US women beat Russia 5-0, early showdown with Canada next



> GANGNEUNG, South Korea (AP) - Jocelyne Lamoureux-Davidson can't remember ever scoring twice on the same shift. The three-time Olympian looking for her first gold medal is just happy to give the Americans a bit of a boost.
> 
> She did it in Olympic record fashion.
> 
> Lamoureux-Davidson had the fastest back-to-back goals in Olympic history, scoring 6 seconds apart in the second period as the United States shut out the Russians 5-0 on Tuesday night.


----------



## 2twenty2

http://www.startribune.com/slovenia-beats-u-s-in-men-s-hockey/474049123/#1



> Slovenia beats U.S. in men's hockey!
> 
> Team USA led 2-0 after two periods before Slovenia's late-game rally. Wild prospect Jordan Greenway scored for the United States, and things looked good for Americans until the very end.


----------



## ekim68

US Olympic luge team competes with 3D printed sleds from Stratasys



> The US Olympic luge team is going for gold with the help of 3D printing. As the team competes at the 2018 Winter Olympics in Pyeongchang, South Korea, athletes are using customized racing sleds created with additive technology from Stratasys that are tailored to their individual bodies.
> 
> Using Stratasys Fused Deposition Modeling (FDM) 3D printing technology, the luge team can rapidly and cost-effectively build and test customized racing sleds, according to a press release.


----------



## valis

rough day on the ice for the Canadians.....lost to the US women in hockey, and got bounced by the men in Curling. 

Sorry Karen, but not really.

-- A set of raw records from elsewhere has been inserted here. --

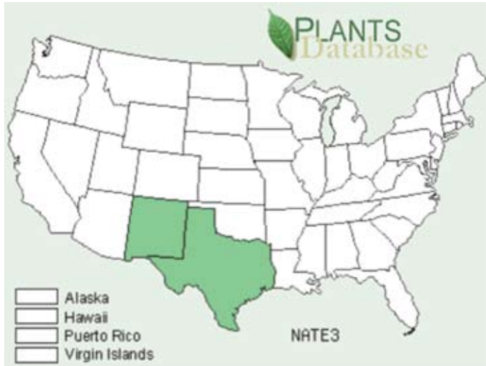
Figure 1. Distribution of Mexican feather grass ( Nassella tenuissima ) in the United States (PLANTS database, US Department of Agriculture, http://plants.usda.gov ).

Mexican feather grass is native to Argentina, Chile, New Mexico (US) and Texas (US) (Jacobs et al. 1998). Its distribution in the US is provided in Figure 1 and in Mexico in Figure 2. A map of distribution in South America is not available.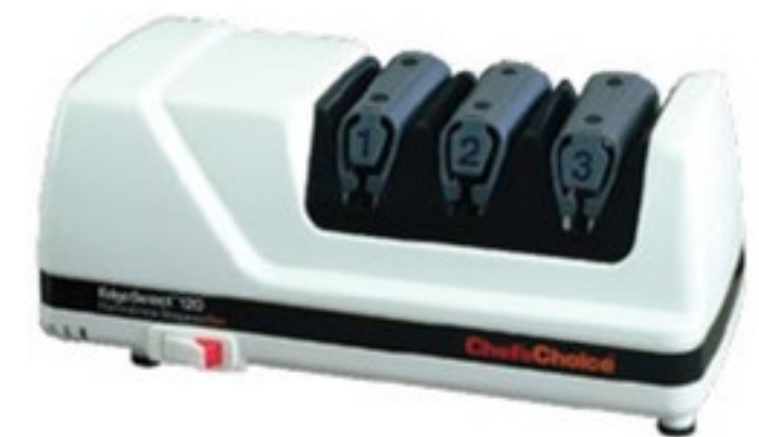
EKS0120 ELECTRIC KNIFE SHARPENER CHEF'S CHOICE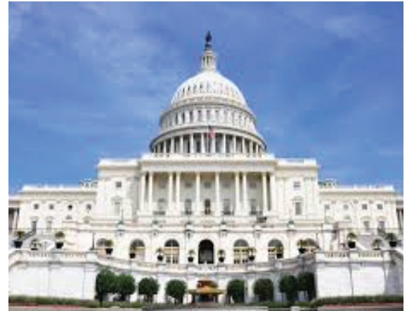
"Poor Management of Security Badges Leaves Federal Buildings Vulnerable to Shooters, and Terrorist Attacks" -- United States Inspector General Report 2016

The solution improves security, removes the threat from lost, stolen, shared, and cloned cards. The 2 factor authentication feature protects and extends the life of your current access control solution.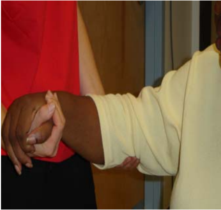
Elbow extension, gravity eliminated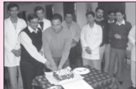
Cutting the Christmas cake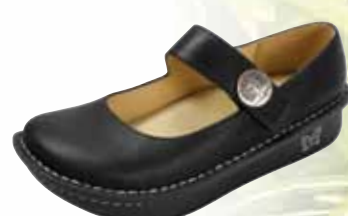
BLACK MAGIC | PAL-688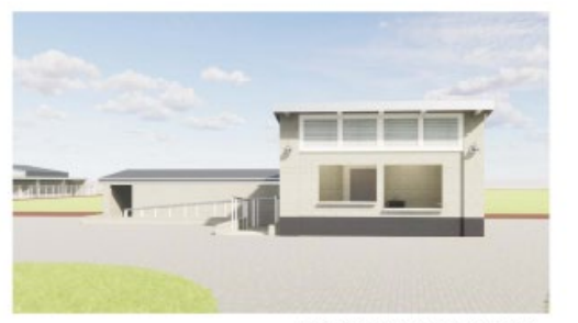
C1 CONCESSIONS VISUALIZATION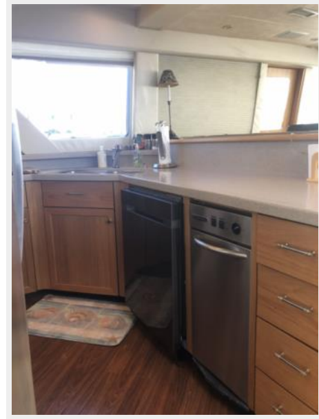
On Deck Galley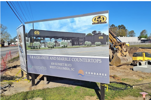
E&A Granite and Marble Countertops

said. “Our expert team provides precision fabrication, ensuring each countertop is crafted to perfection. We also offer a wide variety of unique edging options, adding a personalized touch to your kitchen or bathroom. Throughout the entire process, we deliver top-notch craftsmanship and seamless installation for every project.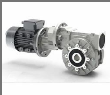
Heli Worm Gearbox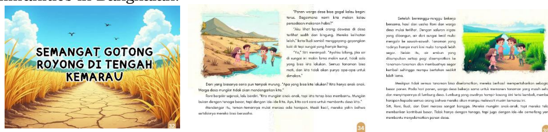
Figure 5 of The Picture of Local Wisdom 3

In this story, the tradition of "Rokat Tasek" is celebrated once a year by coastal communities in Bangkalan.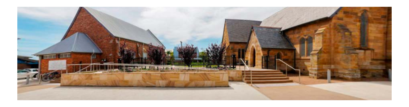
St Michael's Anglican Cathedral, Wollongong

For more information and specific requirements on accessible toilets, parking, building restrictions etc, see Appendix 1: The Disability Discrimination Act (DDA) and the Building Code of Australia (BCA) .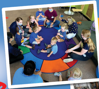
Participants enjoyed getting back into the playhouse this summer.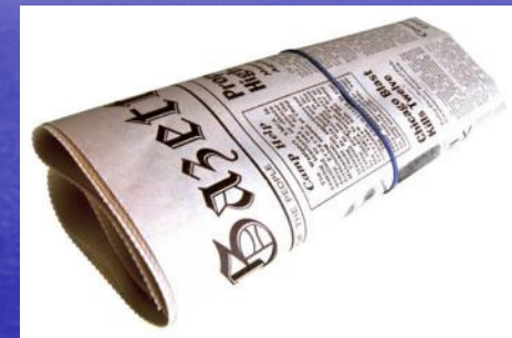
Daily Newspaper $1.50

More like 'empathetic'.


----------



## katonca

USA - USA - USA. How about that curling? GIVE ME THE ROCK! Lol


----------



## valis

Biiiiiig....D! 

Yeah that was awesome. It has been a great Olympics IMO. Very entertaining.

How you doing my friend?


----------



## katonca

Hi buddy, doing pretty well. Just got done babysitting four days this week and working, getting too old I afraid. 

I was watching 'mass skating' tonight with the sound off. I was like, what the heck is going on? Snow boarding was pretty good this time around as well.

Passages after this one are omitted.